**Task goal**
Please give back each entry below unaltered, leaving the pictures out.

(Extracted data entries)
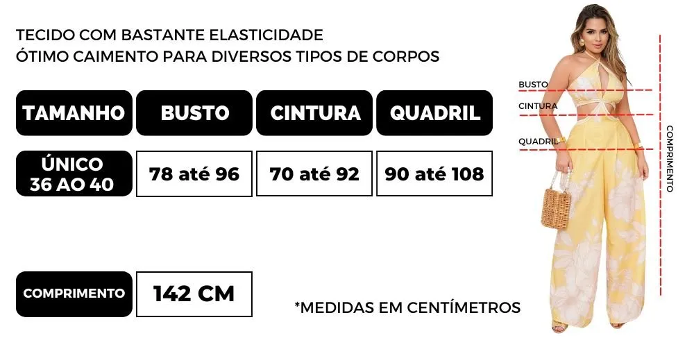 "Nota Importante: Este Macacão possui estampas únicas que podem variar ligeiramente em relação à imagem exibida. Devido à natureza do processo de fabricação, as estampas podem estar posicionadas de forma diferente em cada peça. Isso torna cada vestido verdadeiramente exclusivo e especial. Tenha em mente que a variação nas estampas é uma característica do produto e não um defeito. Agradecemos sua compreensão!"
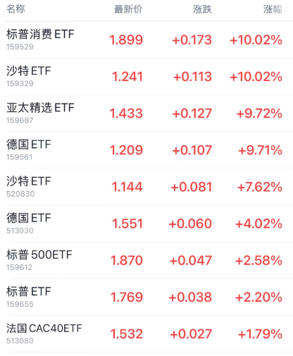 尾盘多只跨境ETF大涨,标普消费ETF(159529)、南方沙特ETF(159329)涨停,另外亚太精选ETF(159687)、嘉实德国ETF(159561)涨超9%,华泰柏瑞沙特ETF(520830)涨超7%,其中标普消费ETF溢价率超50%。
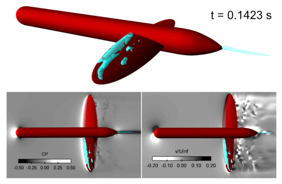 A sequence of snapshots visualizing a collapse event of the cavity. DDES with medium grid, . Top frames show the left wing from the side and the top, and the bottom frame shows a cut plane at mid-span. The cavitator and the cut plane are colored by .
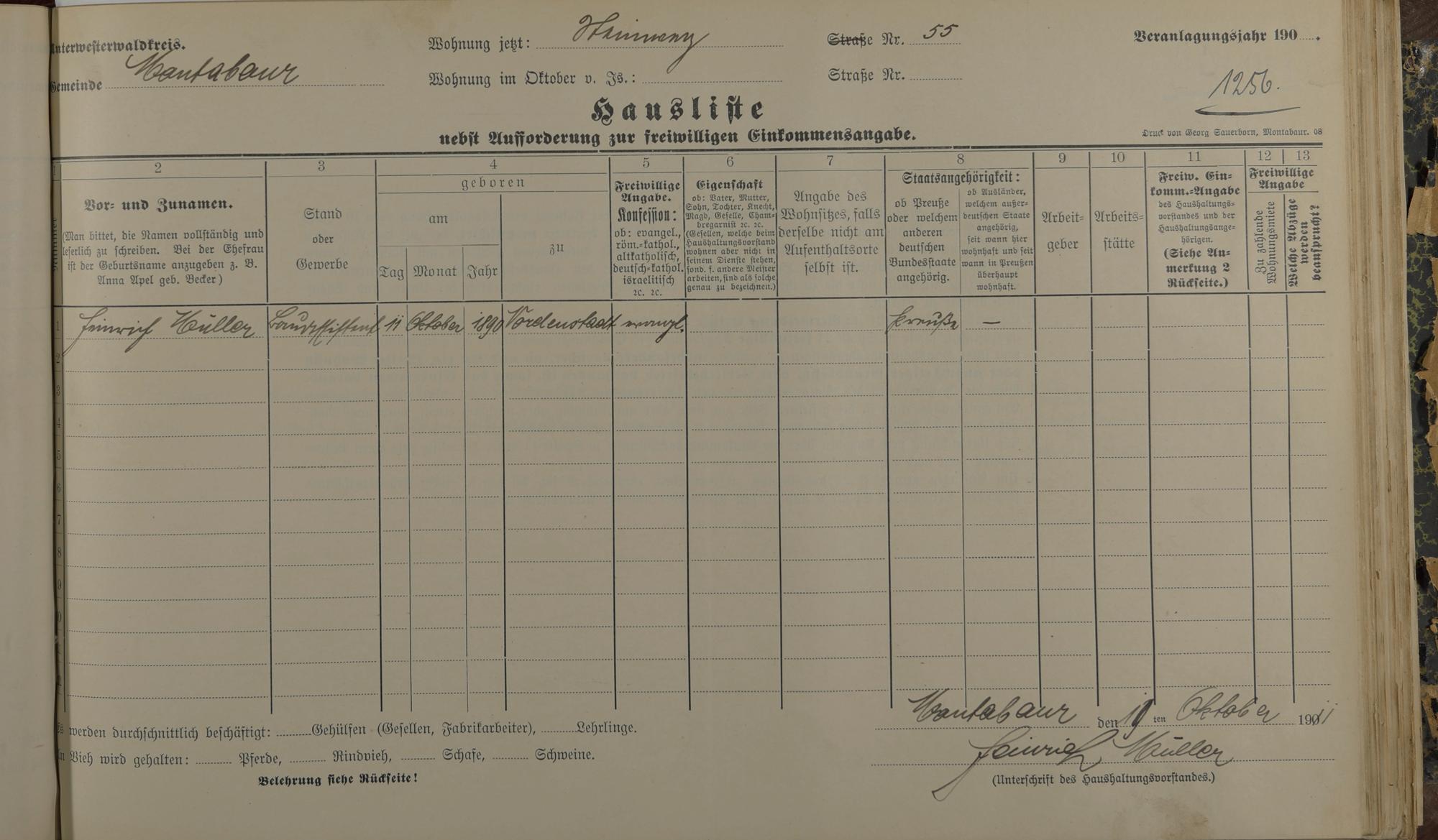 Haushaltsliste 1911/12, Sauertalstraße bis Werbhausgasse sowie Mühlen
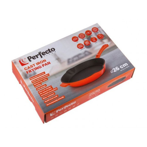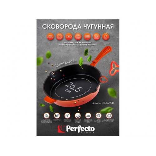Сковорода чугунная ф 26,5х5,4 см с ручкой, PERFECTO LINEA
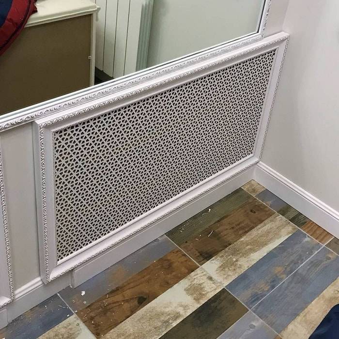 Même si vous avez besoin de grilles pour radiateurs pour la décoration, n'oubliez pas que les batteries doivent chauffer la pièce. Tout écran réduit le transfert de chaleur, même le plus ajouré et le plus fin. Une autre question est que l'un réduira la quantité de chaleur transférée de 10 à 15% et l'autre de 60% ou même plus. Il est peu probable que vous souhaitiez vous asseoir dans une pièce belle mais froide. Par conséquent, lors du choix d'un treillis décoratif, vous devez également tenir compte de la propagation de la chaleur.

**Solved exercise**
 "Nota Importante: Este Macacão possui estampas únicas que podem variar ligeiramente em relação à imagem exibida. Devido à natureza do processo de fabricação, as estampas podem estar posicionadas de forma diferente em cada peça. Isso torna cada vestido verdadeiramente exclusivo e especial. Tenha em mente que a variação nas estampas é uma característica do produto e não um defeito. Agradecemos sua compreensão!"
 尾盘多只跨境ETF大涨,标普消费ETF(159529)、南方沙特ETF(159329)涨停,另外亚太精选ETF(159687)、嘉实德国ETF(159561)涨超9%,华泰柏瑞沙特ETF(520830)涨超7%,其中标普消费ETF溢价率超50%。
 A sequence of snapshots visualizing a collapse event of the cavity. DDES with medium grid, . Top frames show the left wing from the side and the top, and the bottom frame shows a cut plane at mid-span. The cavitator and the cut plane are colored by .
 Haushaltsliste 1911/12, Sauertalstraße bis Werbhausgasse sowie Mühlen
Сковорода чугунная ф 26,5х5,4 см с ручкой, PERFECTO LINEA
 Même si vous avez besoin de grilles pour radiateurs pour la décoration, n'oubliez pas que les batteries doivent chauffer la pièce. Tout écran réduit le transfert de chaleur, même le plus ajouré et le plus fin. Une autre question est que l'un réduira la quantité de chaleur transférée de 10 à 15% et l'autre de 60% ou même plus. Il est peu probable que vous souhaitiez vous asseoir dans une pièce belle mais froide. Par conséquent, lors du choix d'un treillis décoratif, vous devez également tenir compte de la propagation de la chaleur.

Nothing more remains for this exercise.